General descriptive characteristics of expressions in eutopic and ectopic endometrium. (A) Histogram of frequency distribution of probes (genes) for different groups of expression levels (in log2) in eighteen (18) autologous, paired eutopic (blank bar) and ectopic (hatched bar) endometrial samples. (B) Two-way representation of unsupervised hierarchical cluster analysis (HCA) of the expression levels (in logarithmic scale) of all the target probes/genes (Y-axis) in each sample (each column), eutopic labelled as A and ectopic labelled as B from all subjects (n = 18) and their clustering based on expressional distance (Pearson correlation coefficient) between samples in dendrogram formation (X-axis). Each horizontal line represents a single probe, and each column represents a single sample. Relative expression of each probe is colour-coded: high (red) and low (blue), as indicated in the colour legend. Categorical annotations of each sample are shown in the X-axis. The samples cluster by cycle phase and severity stages, as shown by the bar at the bottom of the heat map: proliferative phase (black bar), secretory phase (crossed white bar), stage 3 (red crossed bar) and stage 4 (blank red bar). A, eutopic; B, ectopic; P, proliferative phase; S, secretory phase; 3, stage 3; 4, stage 4.

Experimental procedure

The methodological details of RNA extraction followed by the estimation of its yield and purity using standard electrophoretic and spectrophometric protocols and its RIN score using the Agilent 2100 Bioanalyzer, RNA 6000 Nano LabChip kit and Agilent 2100 Expert Software (Agilent Technologies, Santa Clara, CA, USA) have been given elsewhere [8, 13]. Individual RNA samples from eutopic and ectopic tissue samples (n = 18) from confirmed stages 3 (n = 8) and 4 (n = 10) collected during proliferative (n = 13) and secretory (n = 5) phases and having RIN scores >8.0 were subjected to whole transcriptome array experiment using the Agilent Whole Human Genome 60-mer 4X44K microarray according to the manufacturer’s recommendations. Thus, seven (7) samples could not be used either for insufficient RNA yield or RIN scores (see Additional file 1: Table S1 for the subject details of the selected samples). Hybridized arrays were scanned with Agilent’s G2505B microarray scanner system and the raw data were imported into GeneSpring 11.5.0 software (Agilent Technologies, Santa Clara, CA, USA) for further analysis. Pearson’s correlation coefficients done to assess the reliability of data obtained from two separate hybridization runs for same RNA preparation for four (4) eutopic and ectopic samples confirmed the reproducibility assurance (P < 0.01) among hybridizations.
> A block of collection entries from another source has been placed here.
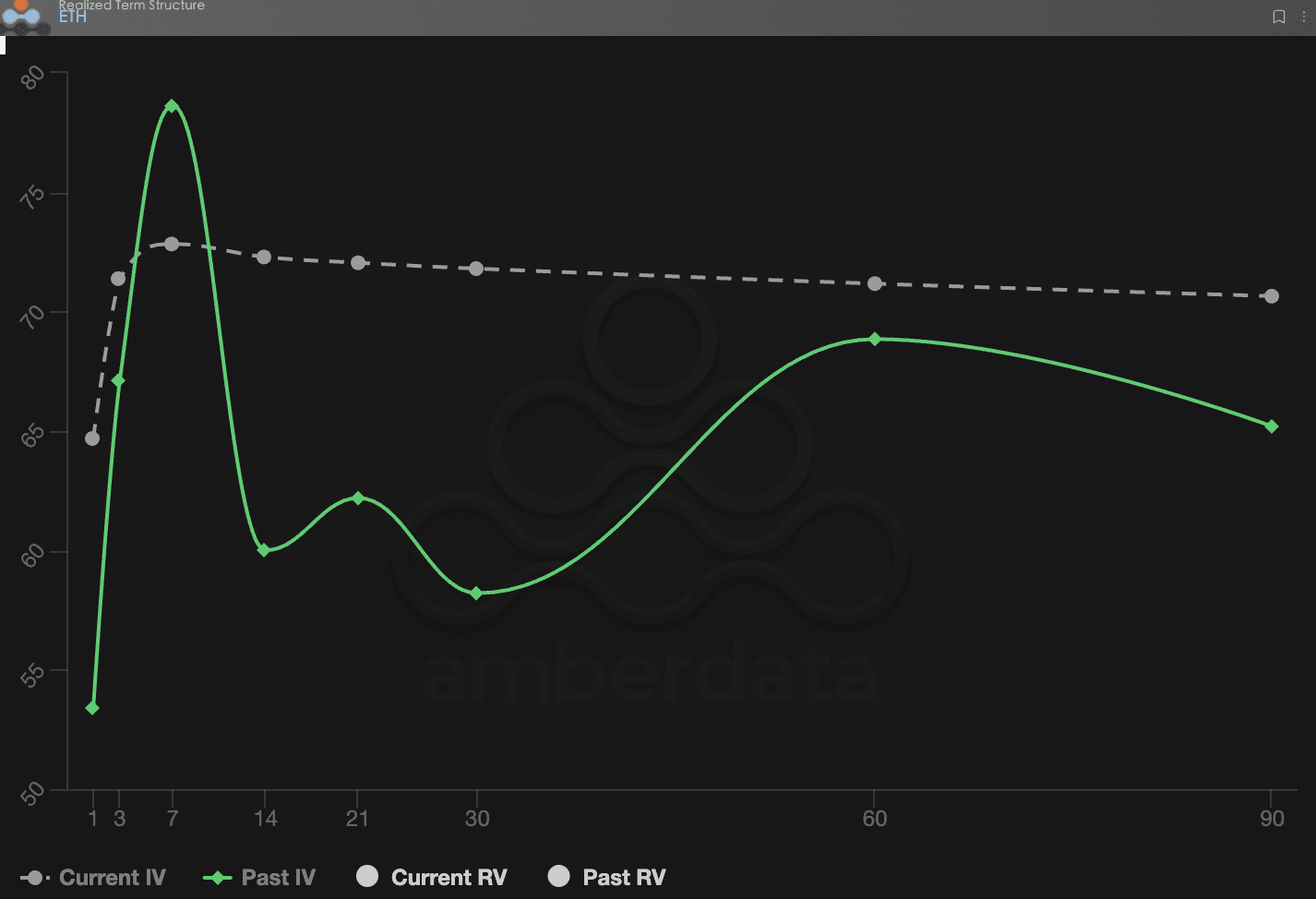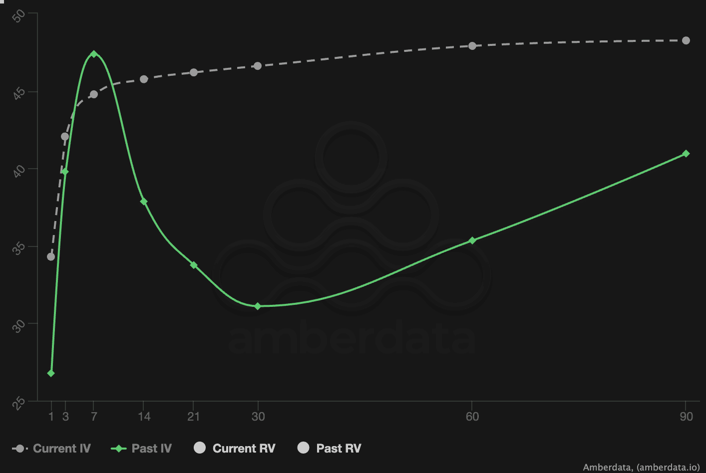 当前IV(隐含波动率)期限结构呈现“近端高企、远端缓升”的特征:DTE 7天附近存在局部高点,随后曲线缓慢上升至DTE 90天的更高水平。而回顾Past IV(历史同期期限结构),曾出现过明显的“驼峰”形态——表明市场曾在某一时期经历短暂但剧烈的短期波动,导致短期IV异常高昂。更关键的是:当前Current IV在远端(DTE 60/90)明显高于Past IV,说明市场对未来3-6个月的波动中枢预期正在系统性抬升。尽管DTE 7天的高点反映短期事件风险的即时定价,但长期IV的持续上升揭示了一个深层信号:投资者认为未来的宏观不确定性将高于历史平均水平,而非单纯的短期情绪扰动。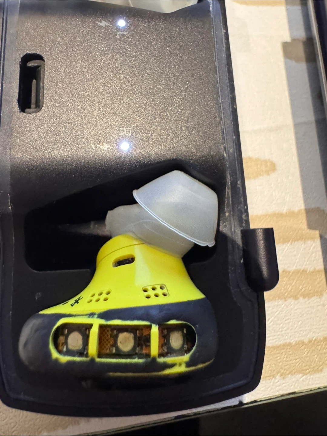 Please see the photos for details. The buttons rubber covers have come off. The earbuds sometimes need to be connected through the Bose app.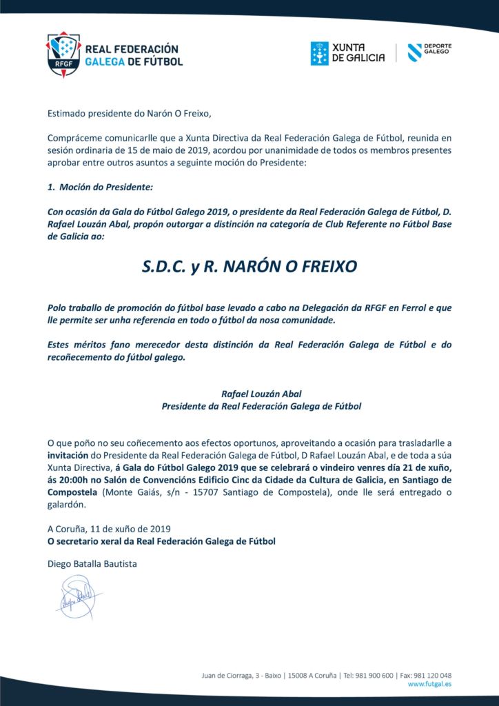 Con ocasión da Gala do Fútbol Galego 2019, o Presidente da FEDERACIÓN GALEGA DE FÚTBOL, D. Rafael Louzán Abal, otorgou a distinción na categoría de CLUB REFERENTE NO FÚTBOL BASE DE GALICIA a S.D.C.R. NARÓN FREIXO.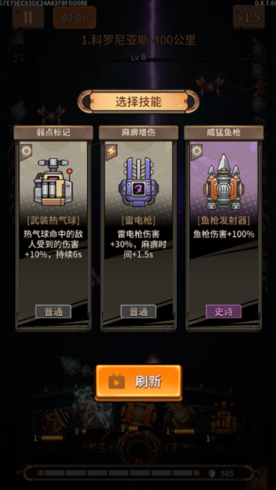 3.进度条满了之后就可以选择一个新炮台或者升级炮台,炮台最多设置五个。

Analysis of the data retrieved from separate chips with the same RNA samples yielded QC statistics highly concordant with that of the manufacturer, and it revealed more than 95% confidence level.

Data analysis

Unsupervised and supervised hierarchical clustering analysis (HCA), and non-hierarchical K-mean cluster analysis of expression arrays were performed with the help of GeneSpring software 11.5.0. Analysis of variance followed by pair-wise differential (>3-fold at P < 0.01) expression (DE) for specific genes between eutopic and ectopic samples, as well as, between proliferative and secretory phases, and between clinical stage 3 and stage 4 of severity for eutopic endometrium, and for ectopic endometrium, respectively were done using multiple comparison tests as described elsewhere [14].

Post-hoc analysis

Networks and enrichment analysis were done using gene lists obtained from the above analyses and based on a priori setting of a cut-off threshold (pFDR(p) = 0.05) with the help of the GeneSpring11.5.0 software and Metacore platform (GeneGo, St. Joseph, MI, USA). The K-mean clusters were further used for differential co-expression (DC) analyses and analyzed in terms of Gene Ontology (GO) enriched categories using GeneSpring11.5.0 software. Gene Set Enrichment Analysis (GSEA) version 3.7 was applied to each of the K-mean clusters independently to examine at FDR ≤ 0.25 for not less than 10 genes for a set with a maximum of 1000 permutation whether pre-annotated BROAD gene sets [15]: C1 (cytogenetic sets), C2 (functional sets), C3 (regulatory sets), C4 (cancer neighborhood sets), and C5 (gene ontology sets) could identify any interesting information in the DC sets [16].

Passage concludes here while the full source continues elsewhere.